Their statistical model pointed to a small companion in a 2,110-day (5.78-year) orbit, just over twice the radius of Betelgeuse — so close that it had been hiding in plain sight. The data suggested that the companion had a mass less than the Sun and was a million times fainter than Betelgeuse. Tellingly, the orbital plane aligns with Betelgeuse’s spin axis. This is likely because tidal interactions over thousands of years forced them into sync.

A System Out of Time
Betelgeuse and Siwarha were born together, likely from the same cloud of gas. But because of the quirks of stellar evolution, Betelgeuse raced ahead, growing large and unstable while Siwarha lagged behind. In the words of Howell, “It’s starting to become a real star, but unfortunately it’ll never make it.”
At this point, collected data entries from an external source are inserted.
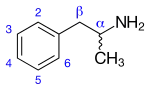 Амфетамины представляют собой подгруппу производных фенилэтиламина. Базовое соединение класса — собственно амфетамин или α-метилфенилэтиламин. Благодаря замещению атомов водорода может быть получено большое количество соединений. Довольно типичными являются метилирование (реже — этилирование) аминогруппы и замещения по фенильной группе[9][10][11]: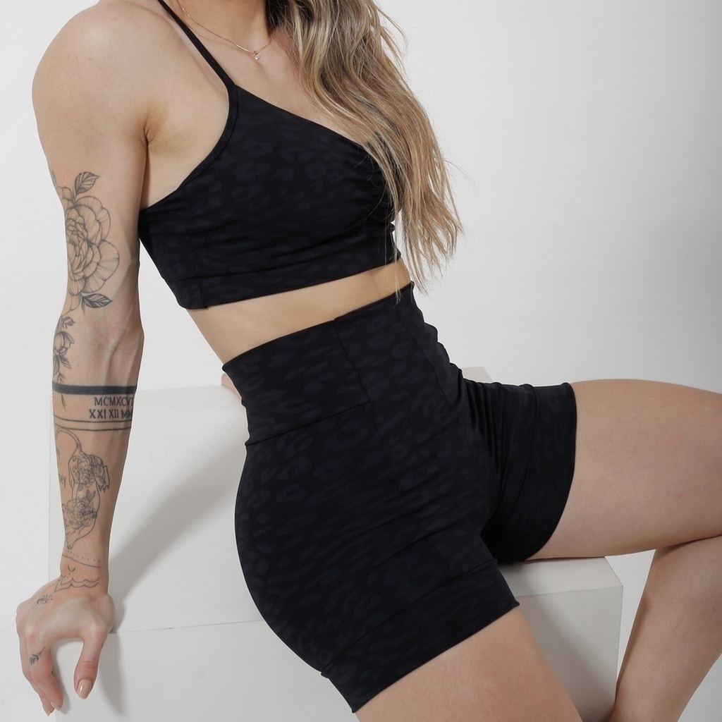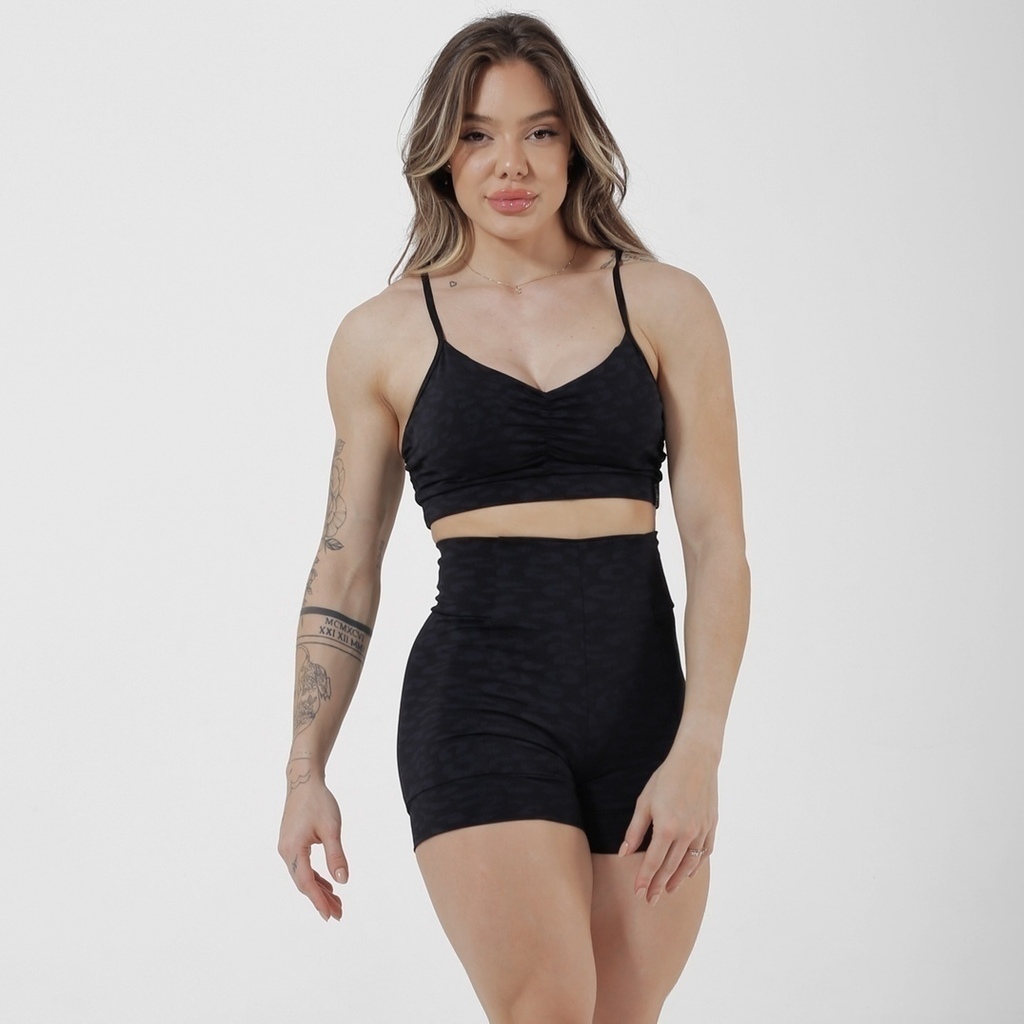 O Short Kamille com cintura alta é a opção perfeita para quem busca conforto e estilo durante os treinos. Seu cós ajuda a afinar a cintura, proporcionando uma silhueta mais delineada, oferece também maior sustentação e segurança durante a prática de exercícios. A malha com textura no camuflado confere um toque moderno e estiloso à peça. Este padrão é tendência no mundo fitness e traz um ar mais despojado para as produções esportivas.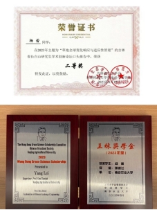 2020级在读博士生。曾获“瑞华杯”南京农业大学最具影响力研究生、王栋奖学金、中国草学会年会博士研究生学术汇报二等奖、吉林省长白山“草地全球变化响应与适应性管理”研究生学术论坛汇报二等奖、博士生二等奖学金、金善宝奖学金、“青春绽放,与你同行”羽毛球女子单打季军、研究生文明宿舍。

Betelgeuse’s enormous gravity is already disrupting Siwarha’s path, and the younger star may never get the chance to fully ignite. Either Betelgeuse will engulf it, or the shockwave from Betelgeuse’s eventual explosion will destroy it.
In the meantime, astronomers will have another chance to observe Siwarha in November 2027, when it again reaches its furthest point from Betelgeuse’s glare. That window may offer clearer views and more precise measurements of the doomed companion.
But even now, this discovery reshapes how scientists think about red supergiants. Many such stars show similar long-period variability, and the Betelgeuse–Siwarha system offers a compelling template. Perhaps, Howell suggested, more dying giants are concealing small, close-knit companions in their radiant shrouds.
As Betelgeuse inches toward its explosive finale, it does so with a partner in tow.
The findings appeared in The Astrophysical Journal Letters.